I've always liked this REIT as its portfolio of properties are in Singapore and its business is relatively easy to understand. REITs invest in a portfolio of properties and are professionally managed by their team. Income generated from the rental of properties are collected and distributed to shareholders of the REITs. In Singapore, REITs distribute 90% of rental collected to shareholders.
Suntec REIT has the following properties in their portfolio:
100% of Suntec City mall
100% of Suntec City office towers
60.8% of Suntec Singapore international convention and exhibition centre
100% of Park Mall
1/3 of One Raffles Quay
1/3 of Marina Bay Financial Centre
All its properties have very high occupancy rate at more than 97% as at 31 December 2012.
Currently, Suntec City is undergoing a major asset enhancement project who aims to transform the whole of suntec city to a new look.
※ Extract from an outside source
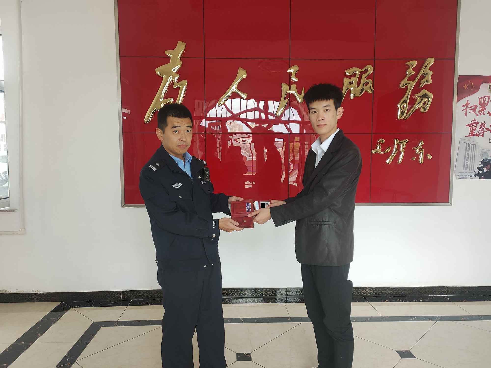 半月前,這個所民警在開展“百萬警進千萬家”訪民情工作時,在轄區(qū)某小區(qū)門口發(fā)現了一個紅色錢包,民警通過多種方式查找失主,均未找到錢包的失主,民警只好暫為失主保管錢包。9月20日當天,一名到派出所補辦身份證的年輕小伙,引起了民警的注意,男子劉某與錢包上的證件照無異,戶籍民警問詢劉某補辦情況,劉某說:“大概半月前他不小心把自己的錢包弄丟了,里面有一張身份證和幾張銀行卡”。民警核對完人員信息后,將錢包還給了劉某。看著失而復得的錢包,劉某激動地說:“因為里沒多少錢,也沒刻意勻找,本打算到派出所補辦個身份證,沒想到還把錢包找回來了,感謝民警為我保管錢包,謝謝你們!”

The asset enhancement at the Suntec city convention centre has been completed and now there are more shops and eateries there. Suntec City mall is still undergoing renovations and is scheduled to complete in mid 2015.
The NAV for the trust is 1.93 at 30/06/13. Thus, it is trading at a discount to NAV of 18% at the current price of $1.60. The REIT is set to benefit from the completion of its asset enhancements which will bring in more revenue for itself. This also means distribution to shareholders is set to increase in the next 2 years.
The yield currently is around 5-6% annually. I have bought at much lower prices before in Suntec thus i do not find current prices too attractive. Furthermore, with interest rates set to rise in the next 2 years, a 5% yield will no longer be attractive in the future. Of course, you can still buy at current prices if you're investing for income. The price is not too high and not too low. It can still go lower. If you buy now, make sure you have holding power to hold the stock and also more money to buy at even lower prices. By averaging down, you can always buy more at lower prices and your overall price will be much lower in the long run. I do not encourage averaging down generally for other stocks. REITS have assets and are generally safe thus averaging down is possible. For other types of stocks, you'll have to analyse the business yourself and determine if it will be still strong many years down the road.